In the mid 1990s The River Nile, Van Diemen's Land, from Mr Glover's farm was reframed in a bevelled timber frame faced with thick rosewood veneer (see image above). The veneered frame was in part based on correspondence from 1833 related to the transportation of Glover's paintings to London, with frames made by his son, John Richardson Glover.
The decision to reframe the painting again - just 10 years later reflected the increasing awareness of the frames used on paintings by Glover augmented by the exhibition that toured Australia in 2004.

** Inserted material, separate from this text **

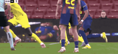 蓋耶在本方半場太過拖沓被搶斷,費爾明送出妙傳,亞馬爾冷靜推射,打破僵局。

The new reproduction frame was based on a frame bearing the stamp of William Wilson in a private collection, and similar frames in the collections of the Queen Victoria Museum and Art Gallery, Launceston, and the Tasmanian Museum and Art Gallery, Hobart. Two reproductions of this frame were made, the other used on Glover’s Mountain torrent (2004.179).
Moulds of the ornaments were taken from the Wilson frame in the private collection mentioned above and the Wilson frame on Mount Wellington with Orphan Asylum, Van Diemen's Land, in the NGV collection.